Если рассматривать его письмо с более милосердной, фрейдистской точки зрения, возможно, тревога за зонтик как-то связана с новой темой беззащитности перед стихиями. После гибели Леопольдины он написал о туннеле, сооруженным Брюнелем под Темзой (крошечная щель, в которую хлынут роковые воды){695}, а также элегию «Вилькье» (À Villequier): «Могила, которая сомкнется над мертвыми, / Открывает небесный свод», «Слабый, как мать, / Стою на коленях у Твоих ног под Твоими разверстыми небесами».
После зловещего события трем оставшимся детям Гюго приказали не следовать непорочному примеру их святой сестры. Маленькую Деде постоянно ругали, когда она заикалась: «Маленькой девочке еще можно заикаться; девушке нельзя»{696}. В отсутствие старшей сестры Адель Вторая начала расцветать. В 1843 году Бальзак назвал ее «величайшей красавицей из всех, кого я когда-либо увижу»{697}. Но Адель Вторая была темным цветком; траур шел ей, и уже тогда в ней ощущалось что-то странное, напряженное. Она жила в густонаселенном мире фантазий, которые лишь разрастались из-за неотступной отцовской опеки.

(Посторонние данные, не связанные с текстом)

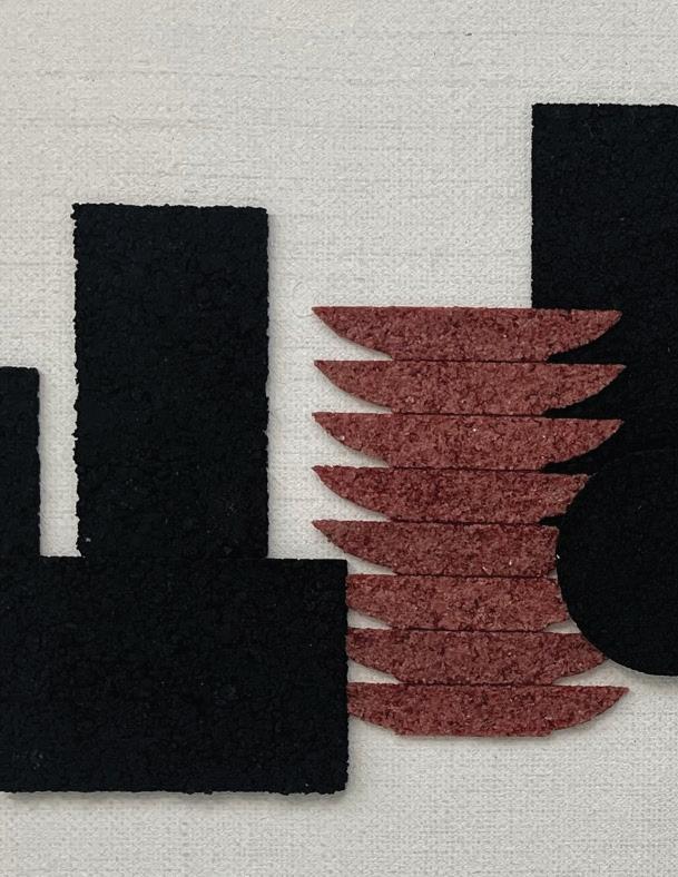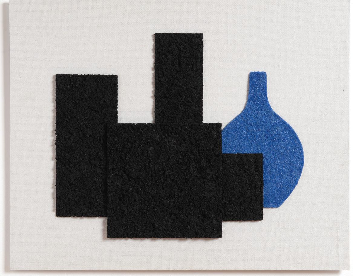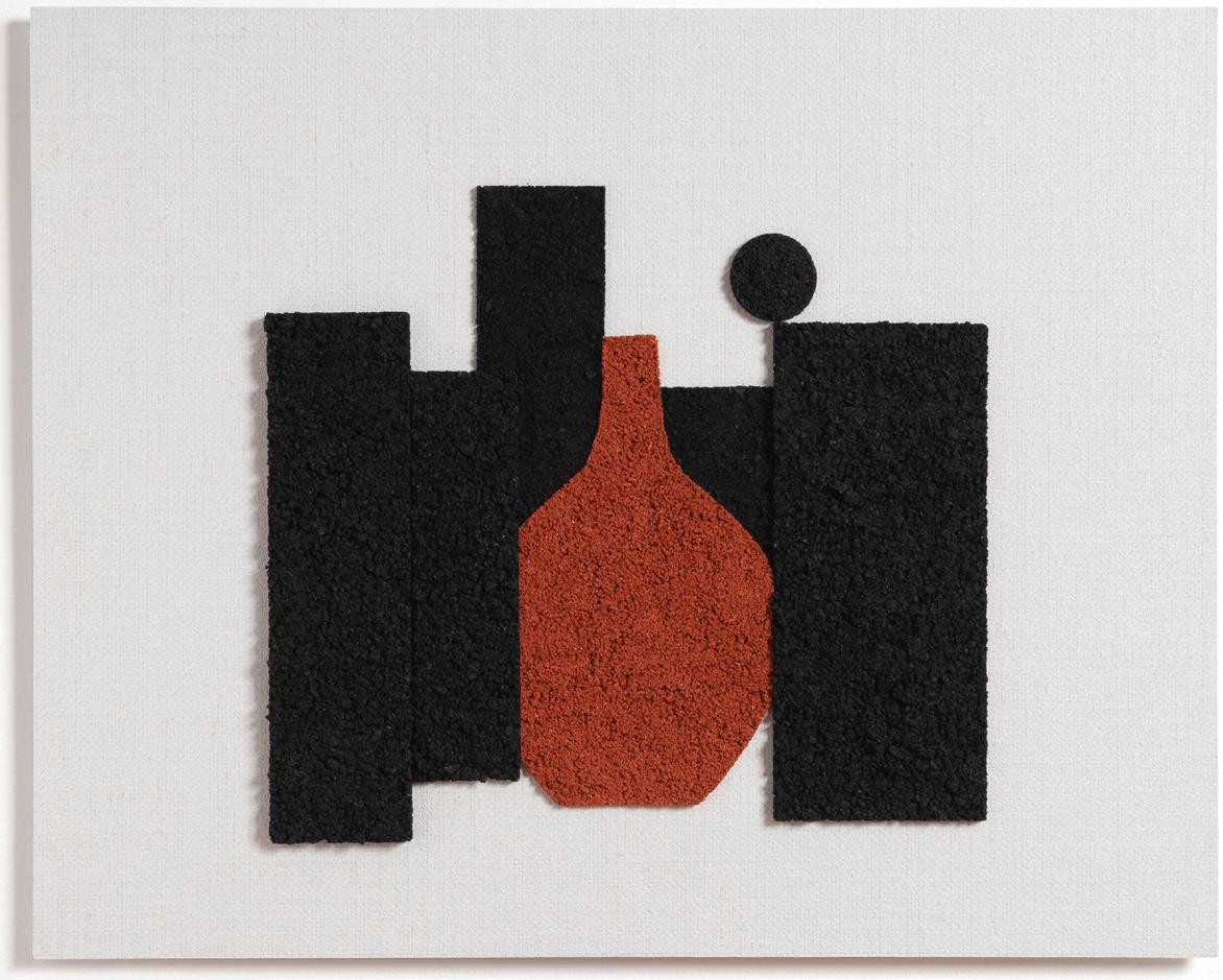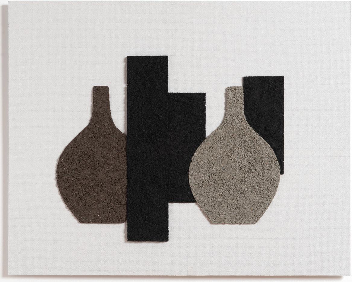 telhas e carvões moídos aplicados em juta pintada com gesso sobre placas de alumínio. Inspirada nas pinturas de natureza-morta de Giorgio Morandi (1890-1964), um dos maiores pintores italianos do século XX, essa série faz referência às imagens de garrafas, de caixas e de esferas, com alguns dos objetos pintados exaustivamente pelo artista. Tendo como homônimo a rua onde Giorgio Morandi tinha sua casa/ateliê em Bolonha, na Itália, a série Via Fondazza tem seus trabalhos numerados conforme os números das casas vizinhas ao ateliê do artista.

Трагизм всего семейства произвел сильное впечатление на Чарлза Диккенса, когда он побывал у Гюго в 1847 году. По сравнению с трепещущими героинями его романов женщины Гюго казались ему черными воронами, которым он нашел место в своем музее: «Больше всего меня поразил сам Гюго, который выглядит Гением, кем он определенно и является; он очень интересен с головы до ног. Его жена – красивая женщина со сверкающими черными глазами; она выглядит так, словно способна отравить ему завтрак, если у нее появится такое настроение. Есть еще дочь, похожая на мать, лет пятнадцати или шестнадцати, с такими же глазами, с почти не прикрытой верхней частью туловища. Я бы заподозрил, что она носит под корсетом острый кинжал, но, судя по всему, никакого корсета на ней нет. Сидя среди старых кольчуг, старых гобеленов, старых сундуков, мрачных старых стульев, столов, старых балдахинов из старых дворцов и старых золотых львов, которые катают старые золоченые мячи, они производят самое романтическое впечатление и кажутся персонажами какой-нибудь его книги»{698}.

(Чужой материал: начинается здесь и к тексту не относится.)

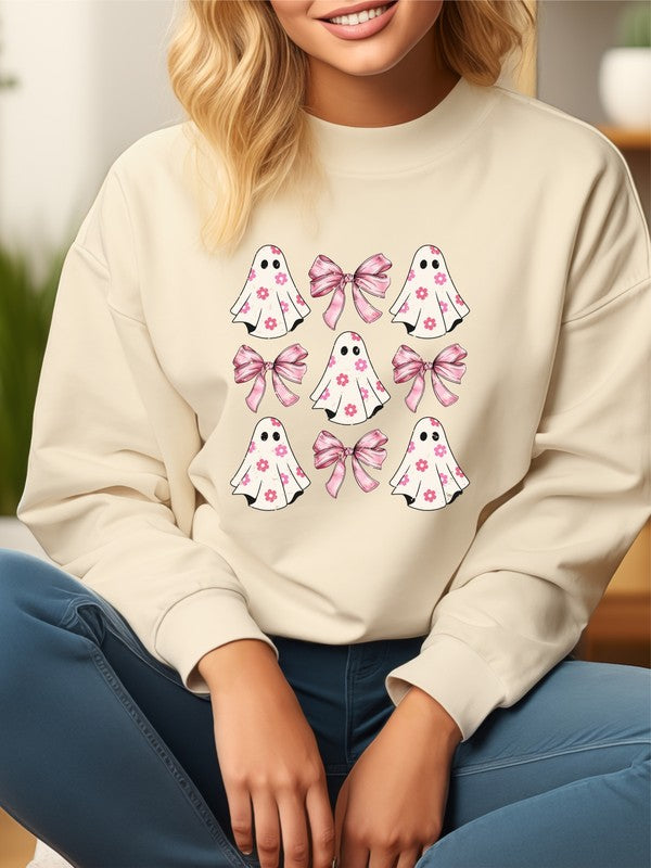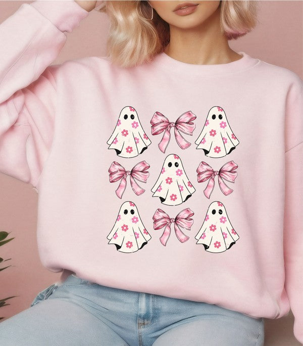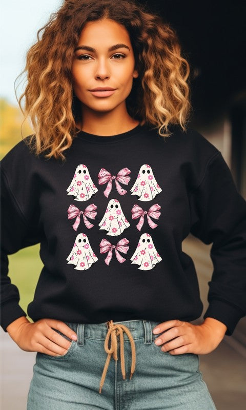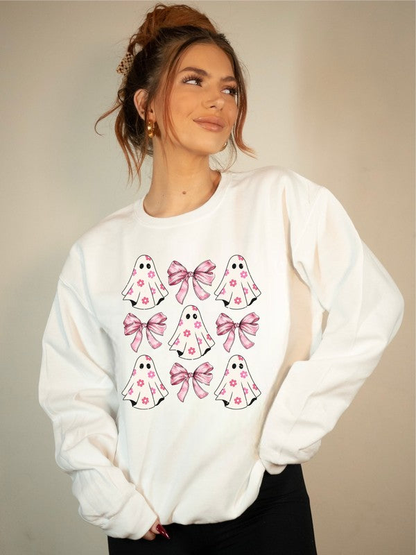 Pink Halloween Ghost Pumpkin Coquette Graphic Sweatshirt

Чутье Диккенса лежит не столько в его даре воскрешения призраков и в их последующем комическом изгнании, сколько в распознавании опасного запаха секса – единственного благовония, способного отпугнуть смерть. В том году за Аделью Второй ухаживал скульптор Клезенже{699}. Он известен тем, что сделал слепки мадам Сабатье, любовницы Бодлера. Кроме того, Клезенже изваял скульптуру «Вакханка, отдыхающая на виноградных лозах»; возможно, он лепил «Вакханку» по памяти с мадемуазель Гюго.
После смерти старшей дочери Адель Гюго все больше сближалась с Огюстом Вакери и соседом, Теофилем Готье. В теплых, но властных письмах она приглашала «несносного» Готье на местные купальни или ругала его за то, что по вечерам у него остывает шоколад. Упорные слухи приписывали Адели Гюго роман с деверем дочери. Одно из стихотворений Вакери в самом деле похоже на зашифрованное описанием утренних визитов Адели Гюго в его спальню; по слухам, их дружбу поощрял сам Гюго{700}. Он тоже жаждал свежего вливания жизни и стремился одержать нравственную победу над смертью. За это ему потом придется очень дорого заплатить.